An atherogenic lipoprotein particle profile was associated with LFC in linear regression analyses (Fig. 2). In detail, LFC was positively associated with total TG levels, as well as with VLDL and small LDL particles. In contrast, LFC associated inversely with large LDL particle and HDL particle measures. ALT, AST, and, GGT serum activities partially mirrored these associations but with less-pronounced association strengths. Small HDL particles were uniquely positively associated with ALT, GGT, or AST activity.

The vast majority of the associations with respect to LFC, ALT, and GGT were mediated by HOMA-IR (Fig. 2; Supplemental Table 3). The highest proportion of mediation was observed for LDL₂, LDL₃, and large VLDL particle measures (all >50%). The associations between LFC and large LDL particles as well as those between ALT and small-dense HDL particles were unaffected.

Small molecules and mediation by HOMA-IR and total TGs

Linear regression analyses revealed that 179 and 103 metabolites in plasma and urine, respectively, were associated with at least one of the measures of liver function (Fig. 3A; Supplemental Tables 4 and 5). LFC was the most prominent trait, with 129 and 93 significantly associated metabolites in plasma and urine, respectively.

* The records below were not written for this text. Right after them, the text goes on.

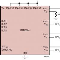 故障保护功能包括过压、过流、过温保护。该电源模块采用6.25mm×6.25mm×2.1mm BGA封装,节省空间,热增强。LTM4668A具有SnPb (BGA)或符合RoHS标准的终端。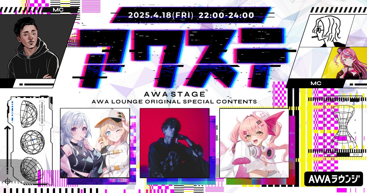 AWA株式会社(本社:東京都港区、代表取締役CEO:冨樫晃己)が運営する、サブスクリプション型(定額制)音楽ストリーミングサービス「AWA(アワ)」は、2025年4月18日(金) 22:00より、無料で誰でも参加できるオンライン空間「ラウンジ」で、ネットシーンを中心とした注目アーティストなどを毎回ゲストに招き、有識者であるMCとともにシーンの次のステージを切り開く番組「AWAステージ(通称:アワステ)」の第48回を開催いたします。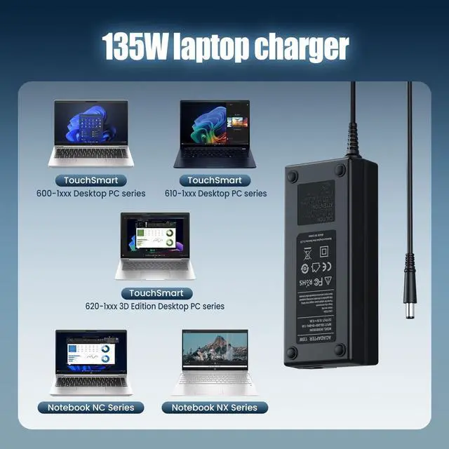• Compatible with DC7800, DC7900, DC8000, DC8100, DC8200, DC8300 Ultra-Slim Desktop Computer systems, as well as fits 397747, 647982, 648964, PA-1131-08H, 481420-001, 463557, 592491-001, 437343-001, dv4, dv5, dv6, dv7, 397803-001, 437343-001, 397747-001, PA-1131-08, Elite Ultra-Slim 612750-001, NC Series NC4400, NC6300, NC6120, NC6110, NC6400, NX Series NX6115, NX6125, NX6320, NX7400, NX8420, NX9420, NW Series NW8440, Tablet PC: TC4400; 8200 Elite Ultra-Slim Series PC, TouchSmart Desktop models 600-1010, 1030, 1040, 1047, 1050, 1052, 1100T, 1120, 1130, 1135, 1140, 1151, 1200T, 1205, 1205T, 1215, 1220, 1240, 1300, 1305T, 1350, 1352, 1367, and 1000T.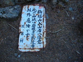 | 鶏冠山へのルートがありますが、ロープが張られ、危険の注意書き。かなり大変な山だと聞いています。山梨百名山の一座だそうですが、これで完登は断念です(^^ゞ |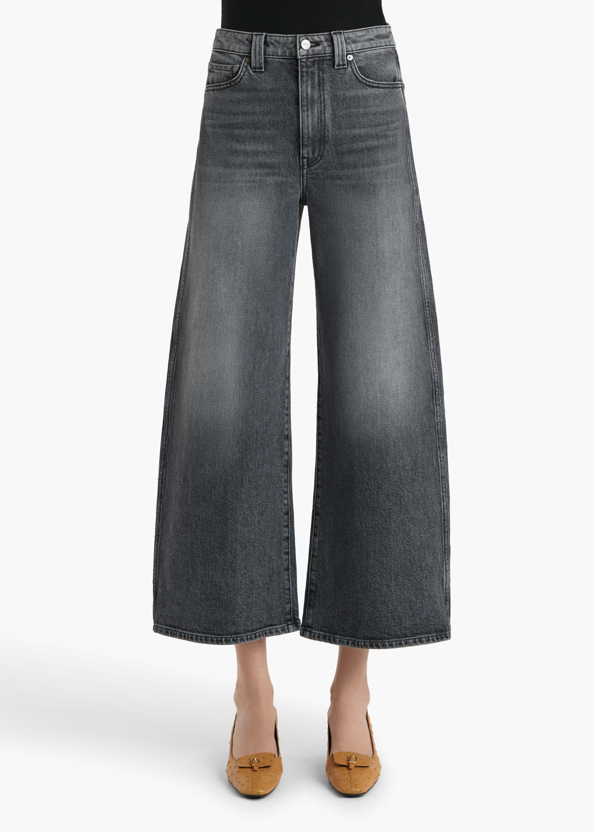 Combining the elegance and ease of wide-leg trousers with the dynamism of a cropped length, this high-waisted silhouette flares gently below the knee and is designed to hit at the ankle. Hand-finished with antiqued nickel button.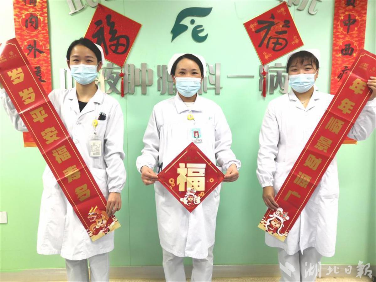 湖北日报讯(记者包东喜、通讯员范丽)1月26日农历腊月二十四,南方小年。这一天开始,祭灶、扫尘、穿新衣、剪窗花、贴春联,家家户户忙新年。小年,小年,期盼回家小团圆,然而有这样一群人,他们在新年到来之际,要在医院与疾病抗争,与死神搏斗,他们更希望能感受到浓浓年味,能得到新春祝福。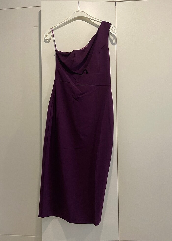Ürünün tek omuz patlıcan moru rengnde bir elbisedir göğüs altı pencere dekoltesi vardır arkada ufak bir yırtmacı mevcut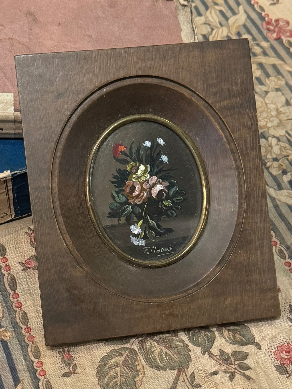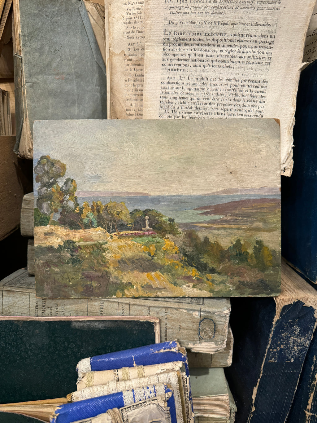 Beautiful Antique Timeworn French Landscape and Lake Painting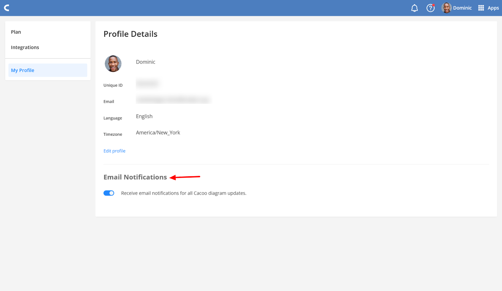 Second, you and your team can opt into email notifications by opening the Cacoo Settings menu and the My Profile tab.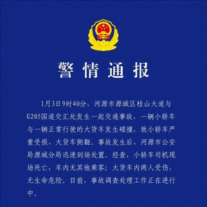 1月3日,广东河源市公安局源城分局通报,1月3日9时40分,河源市源城区桂山大道与G205国道交汇处发生一起交通事故,一辆小轿车与一辆正常行驶的大货车发生碰撞,致小轿车严重受损、大货车侧翻。事故发生后,河源市公安局源城分局迅速到场处置。经查,小轿车司机现场死亡,车内无其他乘客;大货车内两人受伤,无生命危险。目前,事故调查处理工作正在进行中。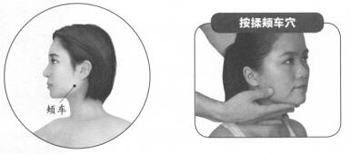 按摩方法:按摩者用双手轻轻托住被按摩者下领,用双手拇指按压两侧颊车穴1分钟,顺时针按揉约1分钟,然后逆时针按揉约1分钟。

Approximately half of the associations in plasma (N = 79) and about one-third of those in urine (N = 26) were at least partially mediated, thereby making total TGs and HOMA-IR the most important mediators (Fig. 3B).

With respect to plasma, total TGs accounted in part for positive associations between LFC and lipid species (e.g., lysolipids and diacyl PCs) as well as inverse associations with sphingolipids or serine. Positive associations between LFC and branched-chain amino acid (BCAA) catabolites (e.g., 3-methyl-2-oxobutyrate), alanine, or carbohydrates as well as the inverse association with sphingolipids or glycine were mediated by HOMA-IR. The inverse association between LFC and lysoPC C18:2 was mediated by HOMA-IR and hsCRP. Similar mediations became apparent with respect to ALT and GGT, whereas associations with AST were far less affected (Fig. 3; Supplemental Table 6).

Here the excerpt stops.